**WHAT YOU SHOULD DO**. Take the line that contains "Pon una olla" and each line after it to the end of the data below, and set them down exactly, omitting pictures.

**SOURCE MATERIAL**.
────────

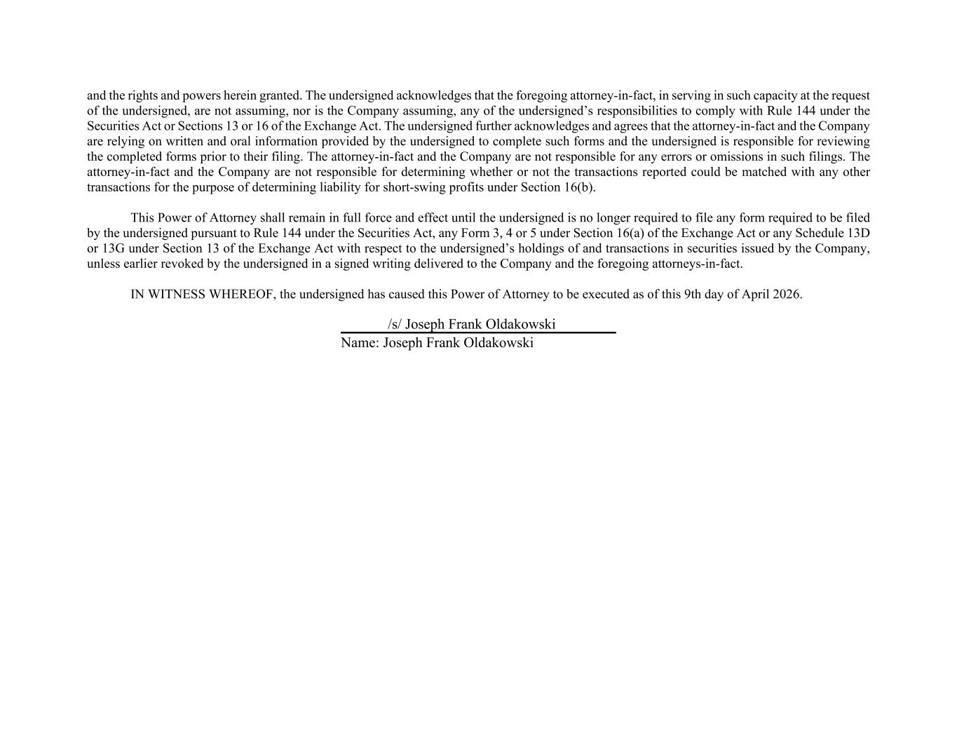 and the rights and powers herein granted. The undersigned acknowledges that the foregoing attorney-in-fact, in serving in such capacity at the request of the undersigned, are not assuming, nor is the Company assuming, any of the undersigned’s responsibilities to comply with Rule 144 under the Securities Act or Sections 13 or 16 of the Exchange Act. The undersigned further acknowledges and agrees that the attorney-in-fact and the Company are relying on written and oral information provided by the undersigned to complete such forms and the undersigned is responsible for reviewing the completed forms prior to their filing. The attorney-in-fact and the Company are not responsible for any errors or omissions in such filings. The attorney-in-fact and the Company are not responsible for determining whether or not the transactions reported could be matched with any other transactions for the purpose of determining liability for short-swing profits under Section 16(b). This Power of Attorney shall remain in full force and effect until the undersigned is no longer required to file any form required to be filed by the undersigned pursuant to Rule 144 under the Securities Act, any Form 3, 4 or 5 under Section 16(a) of the Exchange Act or any Schedule 13D or 13G under Section 13 of the Exchange Act with respect to the undersigned’s holdings of and transactions in securities issued by the Company, unless earlier revoked by the undersigned in a signed writing delivered to the Company and the foregoing attorneys-in-fact. IN WITNESS WHEREOF, the undersigned has caused this Power of Attorney to be executed as of this 9th day of April 2026. /s/ Joseph Frank Oldakowski Name: Joseph Frank Oldakowski
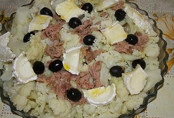 Pon una olla con agua y sal a hervir.Mientras tanto limpia, corta en racimos y lava la coliflor.Cuando veas que el agua empieza a hervir añade la coliflor y tapa. En el momento que comience a hervir, baja el volumen del fuego y deja que se vaya haciendo. Veras que está si al pinchar la coliflor la punta del cuchillo o del palillo la introduces sin esfuerzo. Ha tardado unos 20 minutos.Cuela y escurre bien la coliflor.Corta el queso de cabra en rodajas y parte las por la mitad. Corta el camembert en triángulos. Escurre el atún y las olivas.
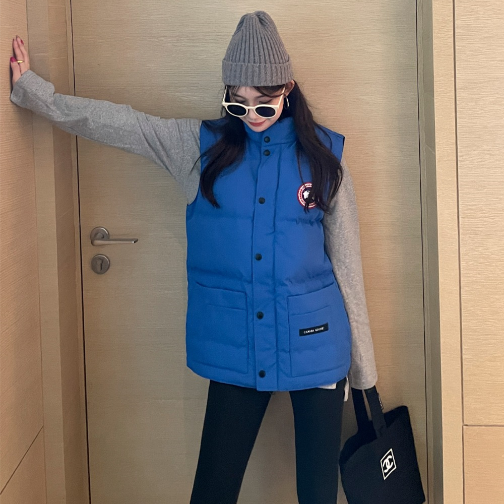 Big goose down vest solid color basic couple sleeveless vest with wear-resistant waterproof windproof warm jacket

────────

**SOLUTION BELOW**.
 Pon una olla con agua y sal a hervir.Mientras tanto limpia, corta en racimos y lava la coliflor.Cuando veas que el agua empieza a hervir añade la coliflor y tapa. En el momento que comience a hervir, baja el volumen del fuego y deja que se vaya haciendo. Veras que está si al pinchar la coliflor la punta del cuchillo o del palillo la introduces sin esfuerzo. Ha tardado unos 20 minutos.Cuela y escurre bien la coliflor.Corta el queso de cabra en rodajas y parte las por la mitad. Corta el camembert en triángulos. Escurre el atún y las olivas.
 Big goose down vest solid color basic couple sleeveless vest with wear-resistant waterproof windproof warm jacket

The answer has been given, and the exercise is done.